1, Font anti crawl
Introduction of font anti pickpocketing based on the case of starting point Chinese network
Requirements: https://www.qidian.com/rank/yuepiao/ Get the title of the book and the number of monthly tickets ranked in the monthly ticket list of the starting point Chinese website
Through packet capturing, we can find that the book titles and the number of monthly tickets we need are in html format, so we need to use the etree method in lxml and parse them with xpath
import requests from lxml import etree from fake_useragent import FakeUserAgent if __name__ == '__main__': # 1. Confirm the url of the target url_ = 'https://www.qidian.com/rank/yuepiao/' # 2. Construct request header information headers_ = { 'User-Agent': 'Mozilla/5.0 (Windows NT 10.0; Win64; x64) AppleWebKit/537.36 (KHTML, like Gecko) Chrome/92.0.4515.131 Safari/537.36', 'Cookie': 'e1=%7B%22pid%22%3A%22qd_P_rank_19%22%2C%22eid%22%3A%22%22%7D; e2=%7B%22pid%22%3A%22qd_P_rank_01%22%2C%22eid%22%3A%22qd_C45%22%2C%22l1%22%3A5%7D; e1=%7B%22pid%22%3A%22qd_P_rank_01%22%2C%22eid%22%3A%22qd_C45%22%2C%22l1%22%3A5%7D; e2=%7B%22pid%22%3A%22qd_p_qidian%22%2C%22eid%22%3A%22qd_A16%22%2C%22l1%22%3A3%7D; _csrfToken=FJAYOKmb5GpRuB6mdxwLXF1sDkKqgTL0z5gG7Ana; newstatisticUUID=1613732256_1917024121; _yep_uuid=adb684fd-87c1-4108-391c-f50ab9ac0d5c; _gid=GA1.2.180413774.1628410724; e1=%7B%22pid%22%3A%22qd_p_qidian%22%2C%22eid%22%3A%22qd_A16%22%2C%22l1%22%3A3%7D; e2=%7B%22pid%22%3A%22qd_p_qidian%22%2C%22eid%22%3A%22%22%7D; _ga_FZMMH98S83=GS1.1.1628410723.1.1.1628410744.0; _ga_PFYW0QLV3P=GS1.1.1628410723.1.1.1628410744.0; _ga=GA1.2.707336986.1628410723', 'Referer': 'https://www.qidian.com/rank/' } # 3. Send a request and get the corresponding information response_ = requests.get(url_, headers=headers_) data_ = response_.text # Check whether the corresponding information obtained is correct with open('qidian.html', 'w', encoding='utf-8') as f: f.write(data_)

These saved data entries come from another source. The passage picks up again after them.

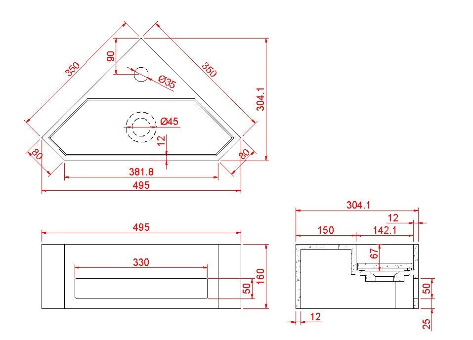 Julia hoekfontein 35 x 35 x 16 cm solid surface mat wit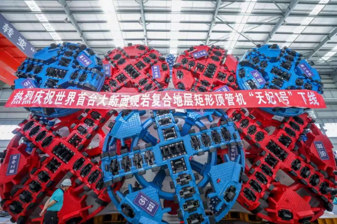 “天妃1号”的开挖断面宽12.6米,高7.65米,采用两层三前四后七刀盘组合布置形式,相邻刀盘的切削区域相互交叉,断面开挖覆盖率达100%,且具有更强大的破岩能力和掘进效能,能够在高强度硬岩地层、满足100MPa的岩石地层掘进,同时对地层扰动极少,确保了安全下穿杭深铁路。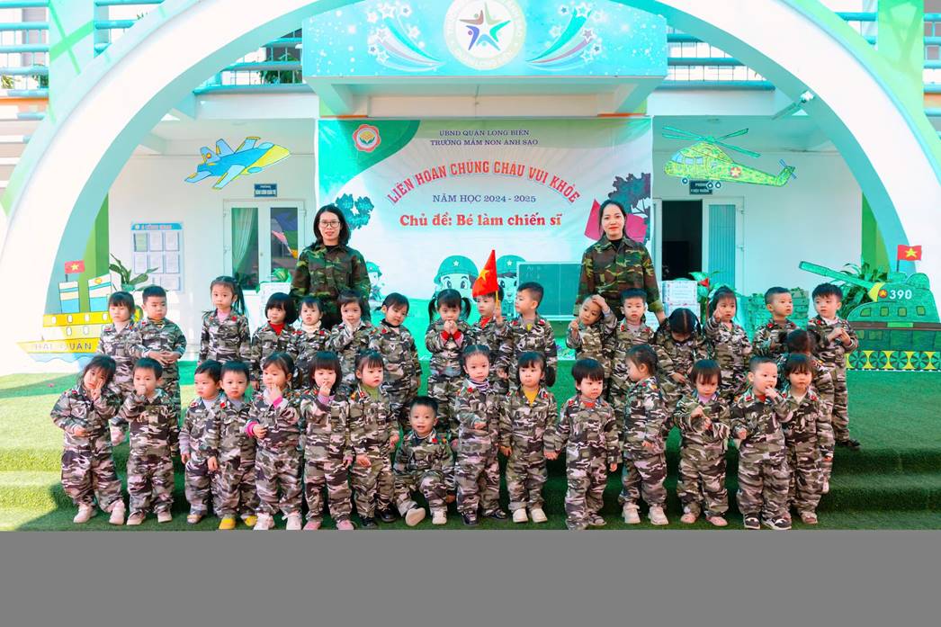 Hoạt động giúp trẻ thêm yêu mến hình ảnh anh bộ đội cụ Hồ, đồng thời khơi dậy lòng tự hào và tinh thần yêu nước từ những trải nghiệm đầu đời.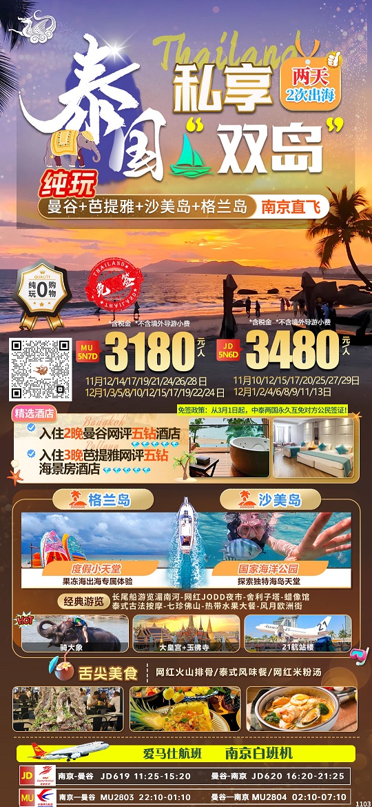 嗨玩泰国 :大皇宫、 21 航站楼、沙美岛+格兰岛两次出海、泰国三大奇观、 网红 JODD 夜市、拜大金佛 观太平洋无敌海景、热带水果大餐  、泰式古法按摩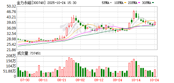 金力永磁是全球钕铁硼永磁材料龙头,已A+H股上市。公司凭借领先的晶界渗透技术,降低重稀土用量并提升磁体性能,具备强大的技术和成本优势。主要业务涵盖新能源汽车、节能空调、风力发电和机器人等领域。产能持续扩张,预计2027年达6万吨。2025年前三季度营收53.48亿元,税后利润5.24亿元,毛利率回升。由于市场需求旺盛,目前人形机器人及低空飞行器等新兴领域已实现了小批量交付,业绩也在不断的增长中,短期内有望刺激股价的上升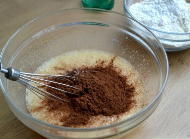 - Добавить к полученной массе оба вида муки, какао и разрыхлитель. Довести до однородности.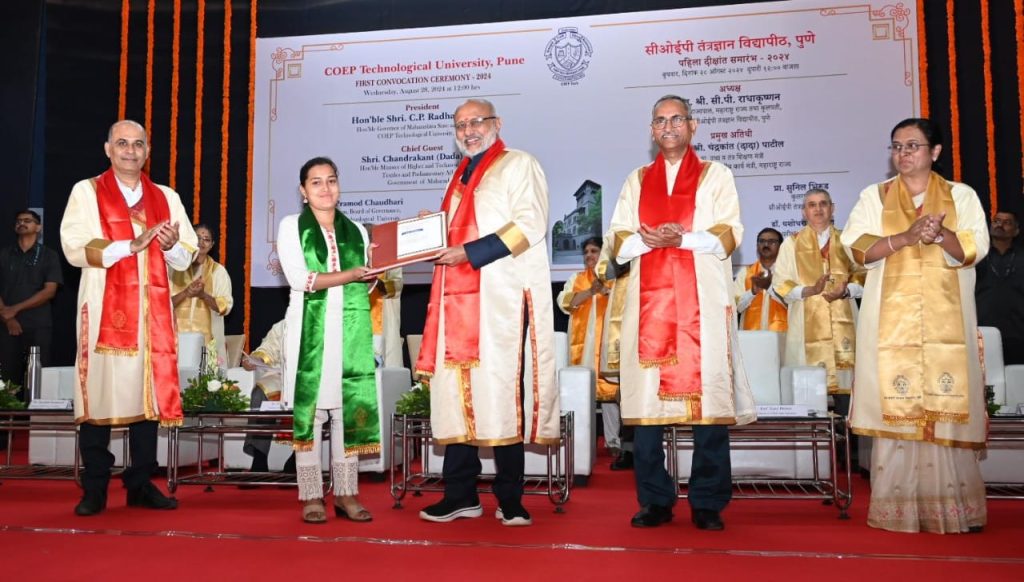 सीओईपी तंत्रज्ञान विद्यापीठाच्या पहिल्या पदवीप्रदान समारंभात राज्यपाल बोलत होते. यावेळी विद्यापीठाच्या नियामक मंडळाचे अध्यक्ष डॉ. प्रमोद चौधरी, कुलगुरू प्रा. सुनील भिरुड, कुलसचिव डॉ. दयाराम सोनवणे, परीक्षा व मूल्यमापन मंडळाच्या संचालक डॉ. यशोधरा हरिभक्त आदी उपस्थित होते.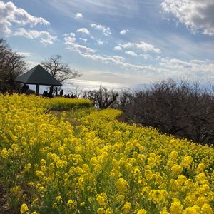 お出かけ写真です。 神奈川県吾妻山公園🎶 1月の下旬ごろ。 菜の花と相模湾がとても綺麗に見渡せます。 お天気がよければ反対側に富士山が🗻見えるのですがこの日は雲隠れでした。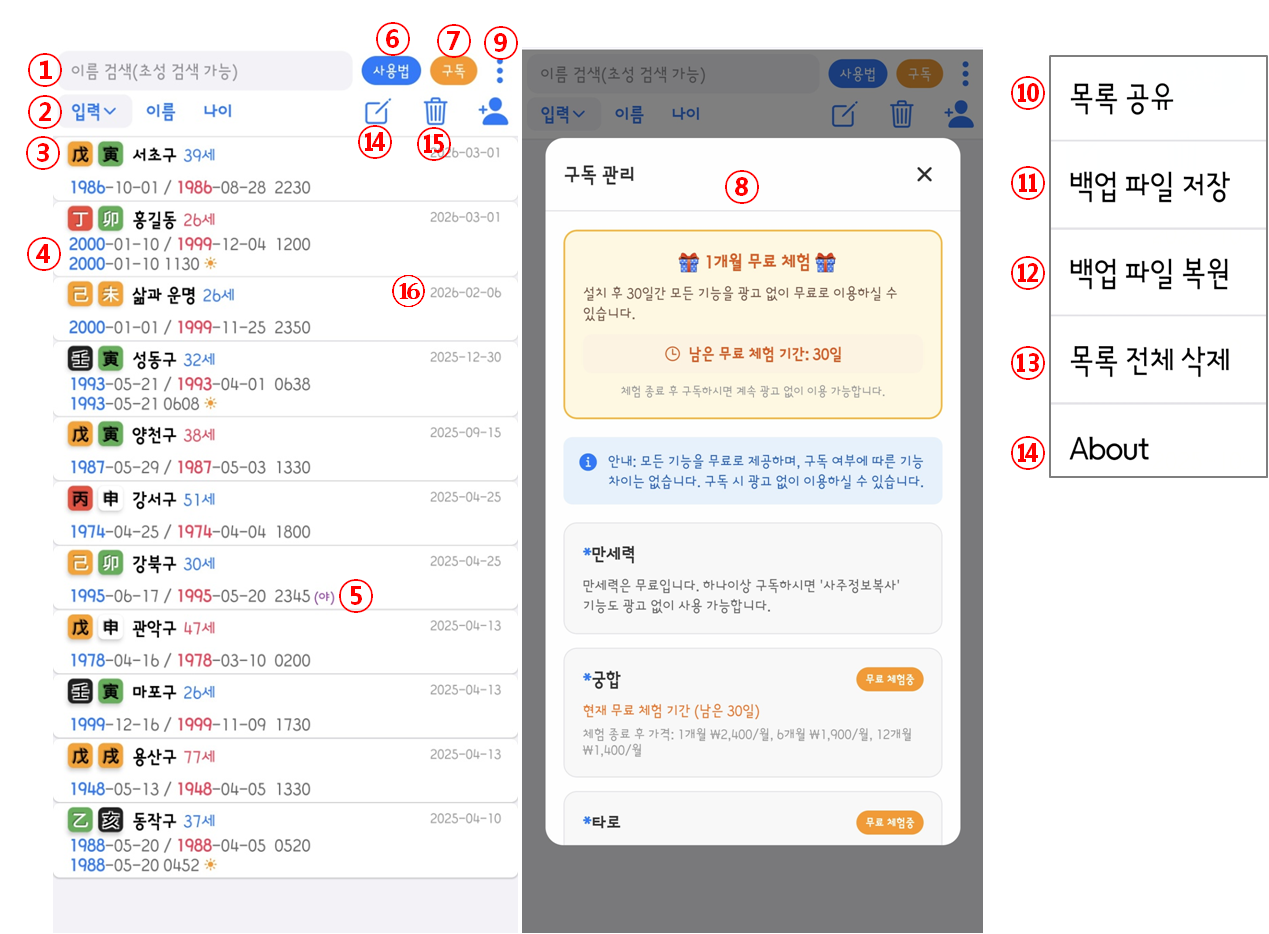 만세력은 무료체험 기간이 지나도 계속 무료 입니다.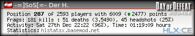 | Rank | Server | Kills | % | Ratio | Deaths | K:D | Headshots | Percentage of Headshots | % | HS:K |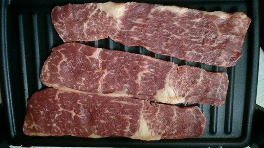 Доброго времени суток уважаемые читатели. Сегодня я опробовал стейк минутка из мраморной говядины от компании Мираторг. Брал в фирменном магазине по акции, получилось 150 рублей за упаковку. Кстати говоря, советую заезжать за стейками в магазин Мираторг в будние дни с понедельника по четверг, очень часто на разные стейки есть хорошие скидки, самую большую скидку видел в 40%. Вернемся к нашему стейку, Минутка "изготавливается" из внутренней части бедра. В упаковке обычно находится от 3 до 5 кусочков говядины общим весом 190 гр...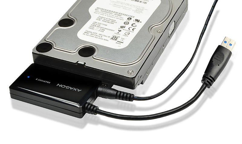 Univerzálný all-in-one adaptér AXAGON ADSA-FP3 FASTport3 s USB 3.0 a SATA 6G rozhraním určený pre jednoduché pripojenie ľubovoľného SATA disku alebo mechaniky.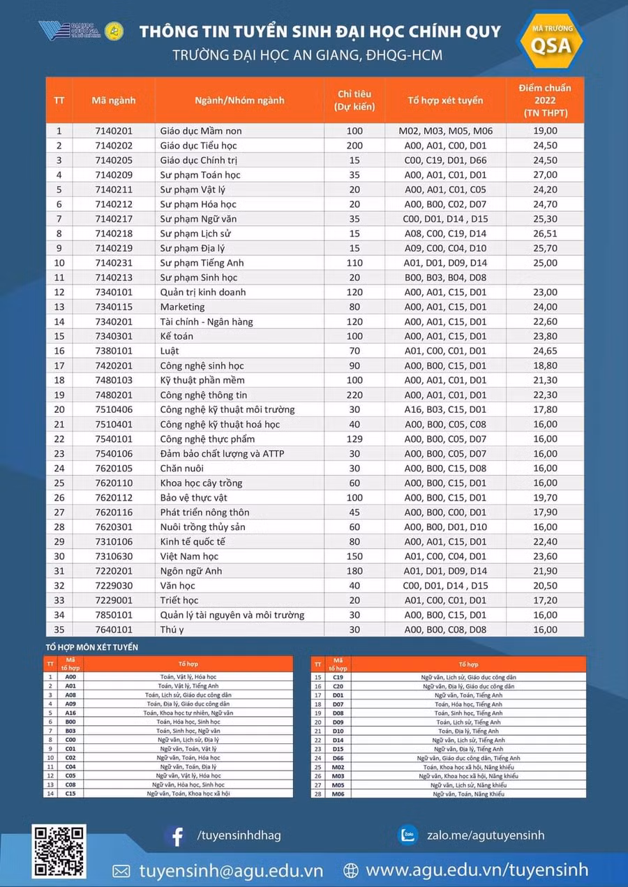 Năm 2023, Trường Đại học An Giang (ĐHQG TPHCM) tuyển sinh 2.539 chỉ tiêu ở 35 ngành/nhóm ngành đào tạo chính quy.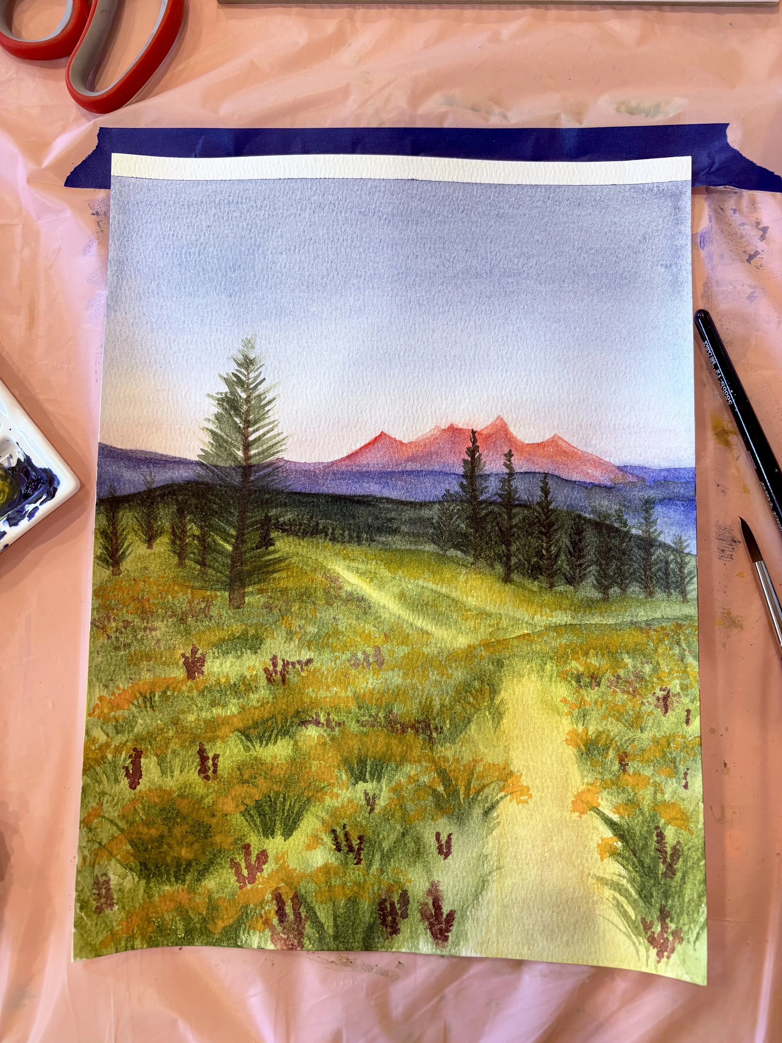 In this beginner-friendly watercolor workshop, you’ll paint from a favorite photo — a landscape, or a special moment — and learn how to transform it into a soft, expressive watercolor painting.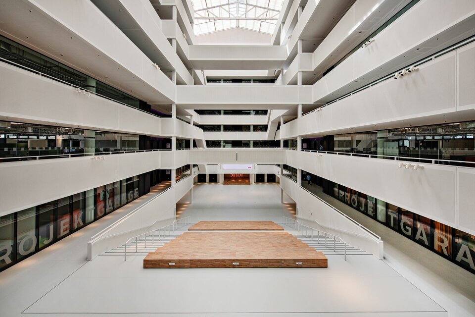 Die Neuerschaffung des ehemaligen Logistikgebäudes hin zum OTTO Headquarter umfasste neun oberirdische Stockwerke sowie ein Untergeschoss mit einer beeindruckenden Bruttogrundfläche von rund 47.900 m². Eine architektonische Besonderheit des Projekts ließen sich die Architekten von akyol kamps mit dem nachträglich hineingefräßten Atrium einfallen. So entstand eine außergewöhnliche offene, lichtdurchflutete Atmosphäre und eine besondere Begegnungs- und Veranstaltungsstätte, zusätzlich zu den offenen Bürowelten.
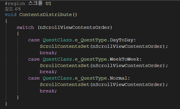 일일 임무, 주간 임무, 일반 임무를 nScrollViewContentsOrder에 따라 구분하여 함수를 호출하고 파라미터를 넘깁니다.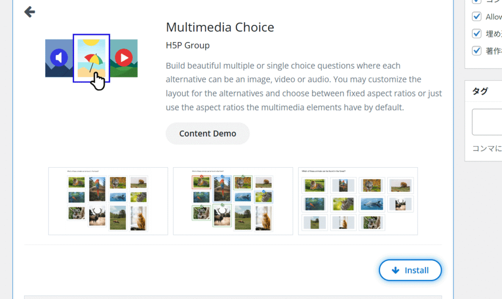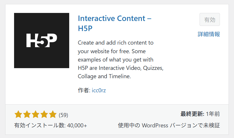 今回の主役となるプラグインは「Interactive Content – H5P」というものです。

It should be noted that the starting point Chinese website is a large website. The request header information should be written as complete as possible. Check whether the response object contains the data we need
After inspection, the data we need is in the response object. In the next step, we need to extract the required data from the response object. Because it is html format data, the key to extracting data is to debug xpath syntax and analyze it before extraction. There are 20 books on one page, that is, the extraction result should also be 20
Book title xpath: / / h4/a/text()
Monthly ticket quantity xpath: / / span/span/text() or / / span[@class="IuAmFihj"]/text()
Note: the second xpath syntax can get data during browser debugging, but when we run the program in pycharm, we will find that the corresponding data cannot be extracted, because the class attribute value of span will change every time we visit the website
import requests from lxml import etree from fake_useragent import FakeUserAgent if __name__ == '__main__': # 1. Confirm the url of the target url_ = 'https://www.qidian.com/rank/yuepiao/' # 2. Construct request header information headers_ = { 'User-Agent': 'Mozilla/5.0 (Windows NT 10.0; Win64; x64) AppleWebKit/537.36 (KHTML, like Gecko) Chrome/92.0.4515.131 Safari/537.36', 'Cookie': 'e1=%7B%22pid%22%3A%22qd_P_rank_19%22%2C%22eid%22%3A%22%22%7D; e2=%7B%22pid%22%3A%22qd_P_rank_01%22%2C%22eid%22%3A%22qd_C45%22%2C%22l1%22%3A5%7D; e1=%7B%22pid%22%3A%22qd_P_rank_01%22%2C%22eid%22%3A%22qd_C45%22%2C%22l1%22%3A5%7D; e2=%7B%22pid%22%3A%22qd_p_qidian%22%2C%22eid%22%3A%22qd_A16%22%2C%22l1%22%3A3%7D; _csrfToken=FJAYOKmb5GpRuB6mdxwLXF1sDkKqgTL0z5gG7Ana; newstatisticUUID=1613732256_1917024121; _yep_uuid=adb684fd-87c1-4108-391c-f50ab9ac0d5c; _gid=GA1.2.180413774.1628410724; e1=%7B%22pid%22%3A%22qd_p_qidian%22%2C%22eid%22%3A%22qd_A16%22%2C%22l1%22%3A3%7D; e2=%7B%22pid%22%3A%22qd_p_qidian%22%2C%22eid%22%3A%22%22%7D; _ga_FZMMH98S83=GS1.1.1628410723.1.1.1628410744.0; _ga_PFYW0QLV3P=GS1.1.1628410723.1.1.1628410744.0; _ga=GA1.2.707336986.1628410723', 'Referer': 'https://www.qidian.com/rank/' } # 3. Send a request and get the corresponding information response_ = requests.get(url_, headers=headers_) data_ = response_.text # # Check whether the corresponding information obtained is correct # with open('qidian.html', 'w', encoding='utf-8') as f: # f.write(data_) # 4. Analyze the data to obtain the title of the book and the number of monthly tickets html_obj = etree.HTML(data_) book_list = html_obj.xpath('//h4/a/text()') num_list = html_obj.xpath('//span/span/text()') print(book_list) print(num_list)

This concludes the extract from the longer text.